Posted every Sunday, the following piece of flash fiction is from Morgen’s larger short story collection (250 stories), Fifty 5pm Fictions Collection, available in eBook and paperback from Amazon  and Morgen’s online store where you can not only instantly download the collection but also purchase the paperback dedicated to you or as a present! We hope you enjoy this story…

The Picture On The Mantelpiece

You slump in your chair as your son plays with the dog. It’s been a bad day but you try not to let it show. You’ve had weeks of bad days and it’s getting to you. Jasper squeals as he pulls Bertie’s tail and it’s all you can do to bite your tongue. Jasper watches you leave your chair and head for the dining room.
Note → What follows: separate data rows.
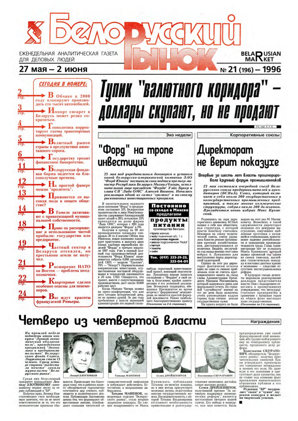 «Белорусский рынок» — еженедельная аналитическая газета для деловых людей. Учредитель — КМП «Белорусский рынок». Издается при содействии РИА “Новости”. Выходит раз в две недели. Ответственность за точность приведенных фактов, цитат, цифр, собственных имен, географических названий и прочих сведенйй а также за разглашение закрытой информации несут авторы. Редакция может публиковать статьи в порядке обсуждения, не разделяя точку зрения авт... Болей »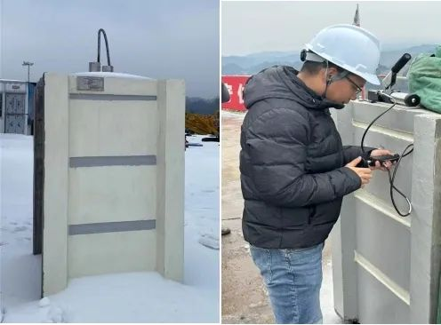 大桥所在区域夏季最高温达40℃,经长时间暴晒,塔柱表面温度高达70℃。冬季最低温低至-6℃,且风力大,滴水成冰。2023年8月,参研团队在大桥北索塔区域制作索塔缩比工程样件,在相同环境条件下进行应用试验。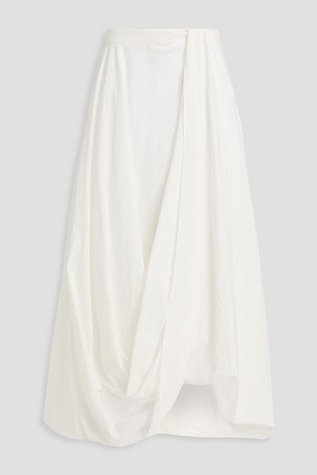 Draped pinstriped wool and cotton-blend felt midi skirt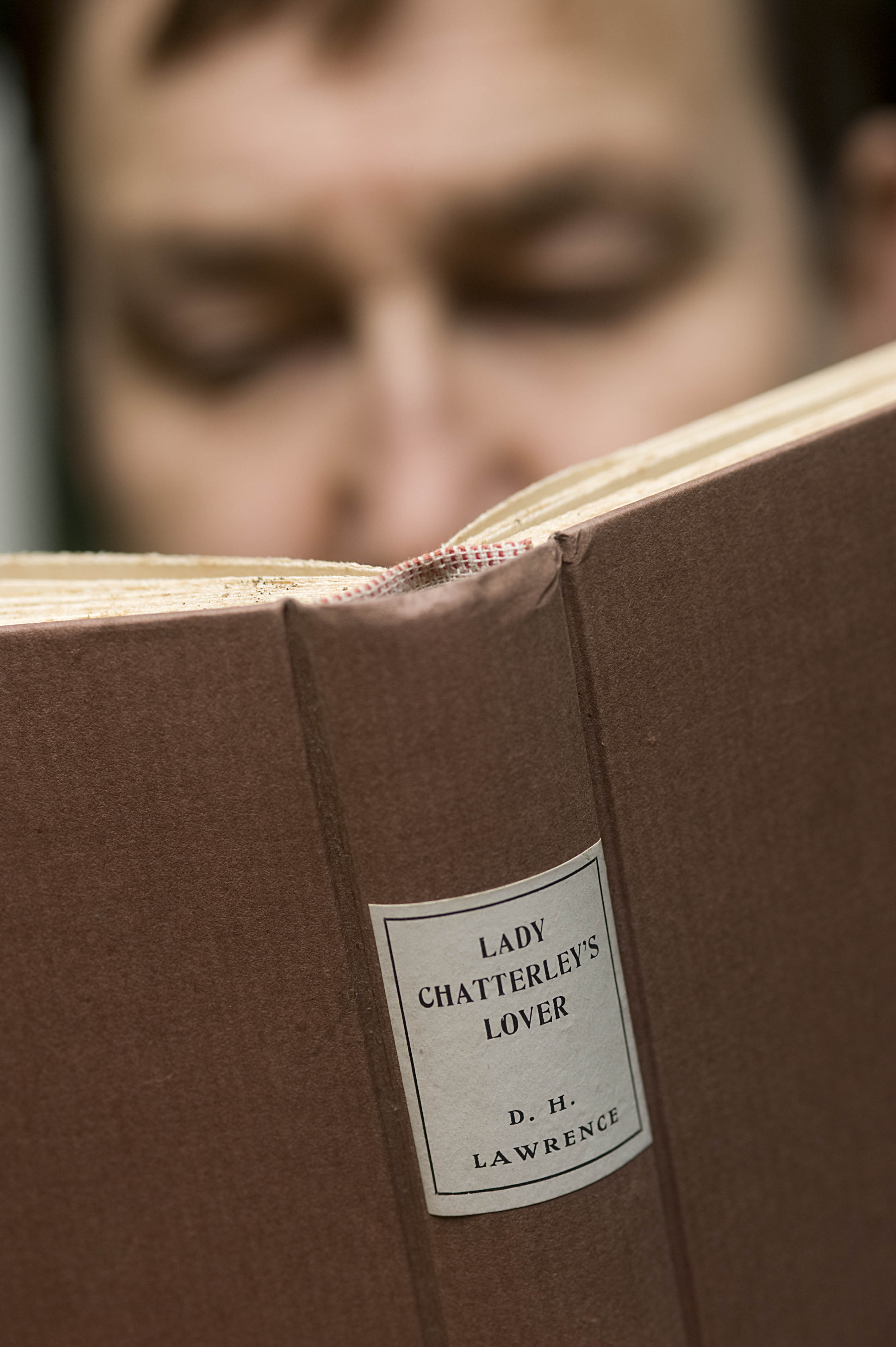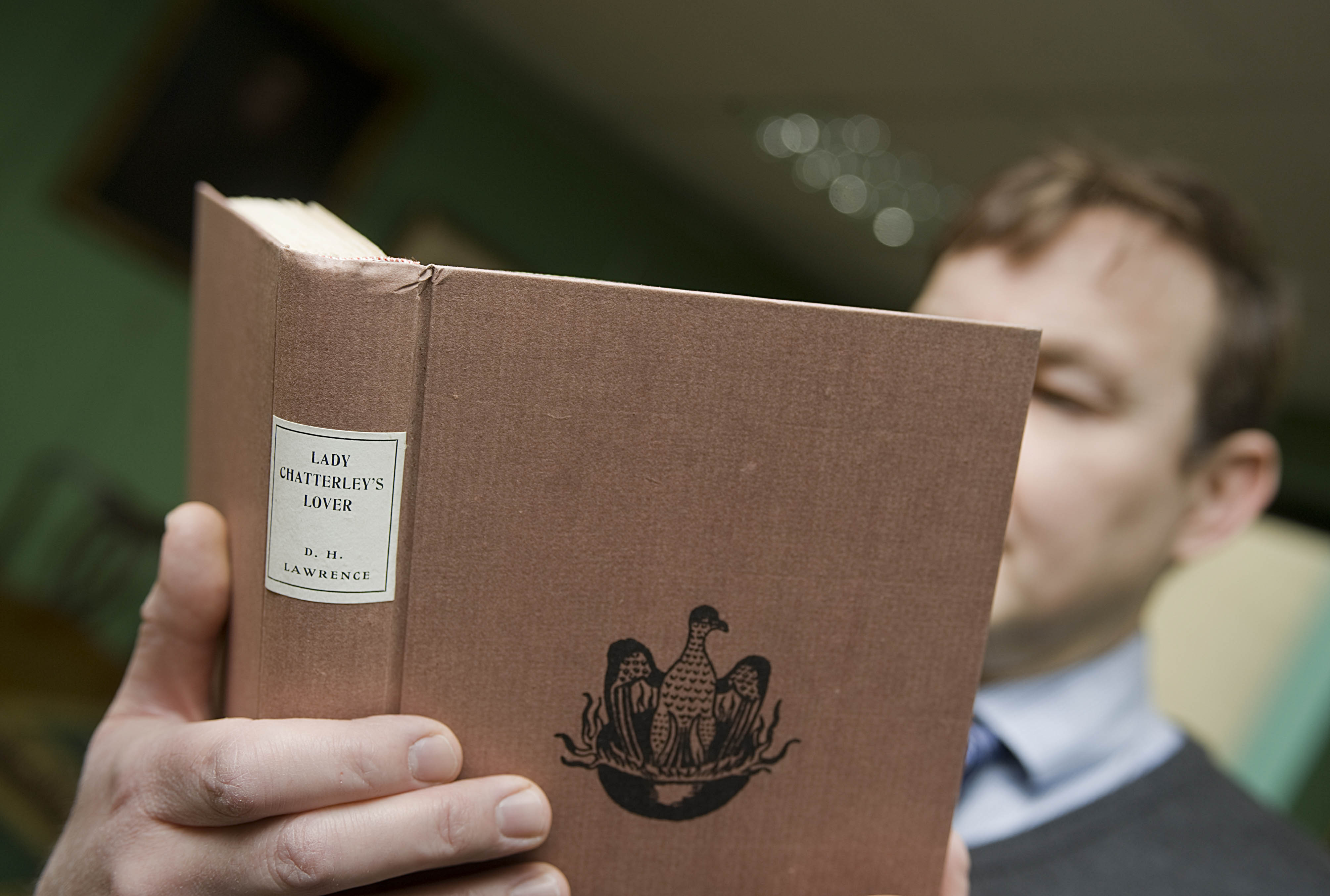 Auctioneer Charles Ashton of Cheffins, Cambridge examining a rare first edition of D H Lawrence's Lady Chatterley's lover which comes up for auction on Wednesday 23rd February 2011. Lawrence paid for the first printing of his infamous novel in 1928 undertaken by the Italian publisher Orioli when he was unable to find a British publisher for the work. There were only 1000 printed with each one being signed by Lawrence. This edition os expected to sell for ?2500. Lady Chatterley's lover was eventually sold publically in the UK in 1960 after a celebrated courtcase.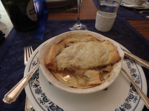 Puff pastry duck pot pie with shallots, green olives, and Gruyère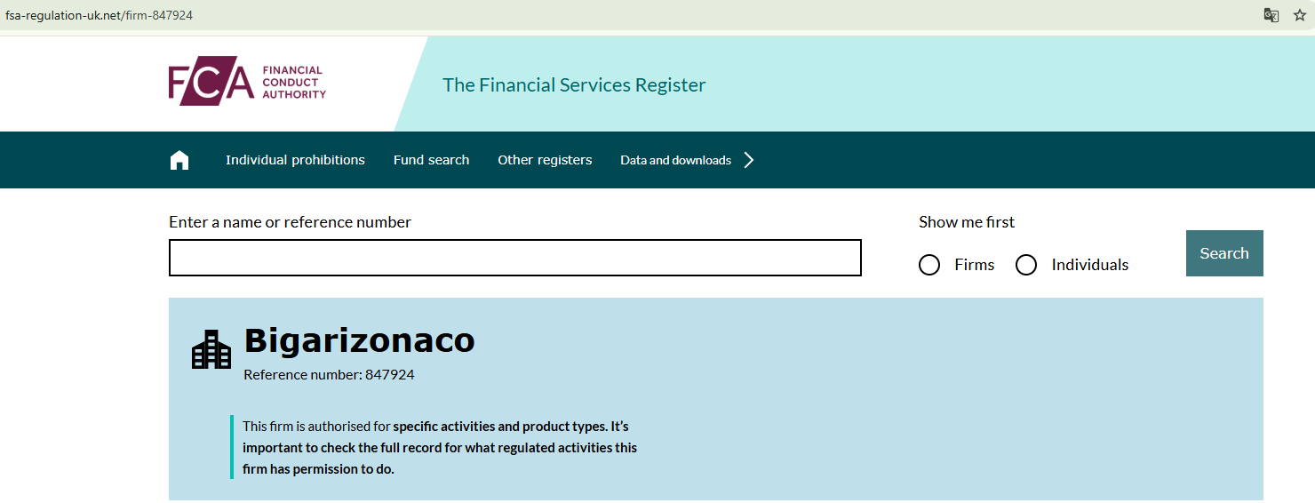«Бигаризонако» хвастается, что его деятельность регулируется мировыми структурами, включая британскую FCA. Вот только когда вы нажимаете на ссылку для проверки, вас перекидывает на дешевую подделку, фейковый сайт-клон. Это уже не просто тревожный звонок. Это явные признаки, что вся схема – развод.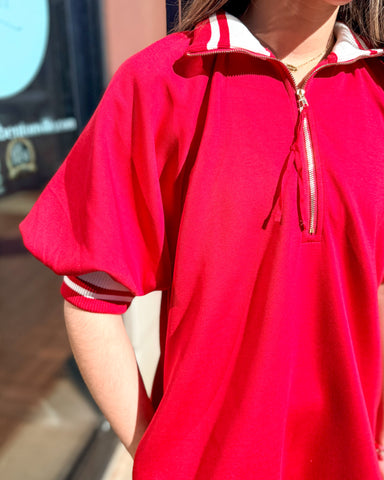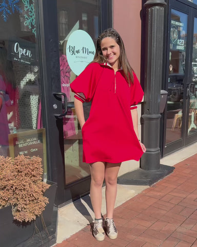 Game Day Zip Polo Dress – Red athleisure mini with sporty stripes This red polo dress is the ultimate mix of sporty and chic. Featuring a zip-up ne...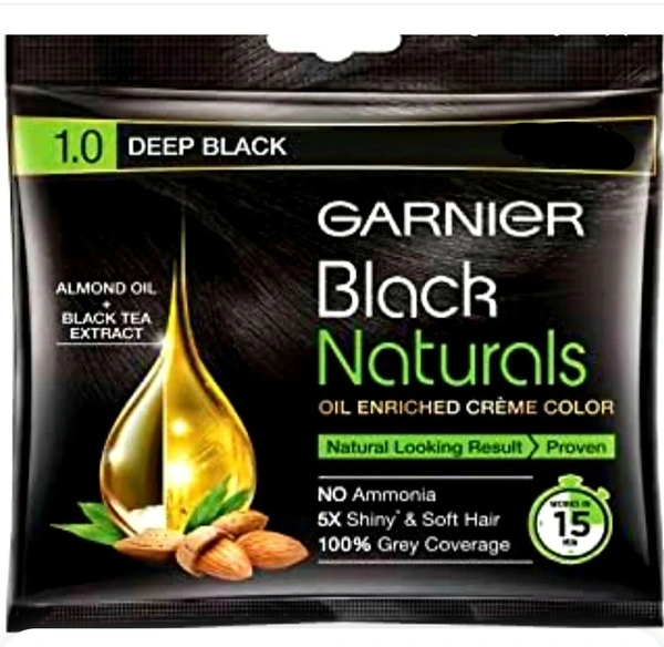 Garnier Black Naturals Oil Enriched Cream Hair Colour - 1.0 Deep Black(20gm+20ml)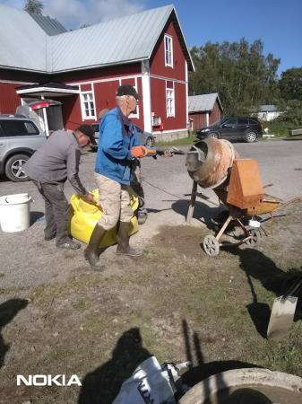 Grunden för nya flaggstången gjuts hösten 2024. Ingvald Hjerpe fyller betongblandaren. Kjell Berts och Håkan Norrgård assisterar.

Bertie follows you, glad of a distraction and hopeful that there might be something in it for him, although he knows his treats are kept in the kitchen.

You pour yourself a large scotch, they’re getting larger as the week goes on. It’s only Wednesday and at this rate you’ll forgo the glass. Emily would have said you have a problem but you’re grateful that’s she’s no longer around. She always had something to say, and sometimes you couldn’t shut her up. But you found a way eventually.

Your head hurts. You take another swig of Glenfiddich which soothes the back of your throat. You switch off the TV and Jasper moans. “Off to bed now,” you say and he trundles upstairs with Bertie following, leaving you staring at the picture on the mantelpiece.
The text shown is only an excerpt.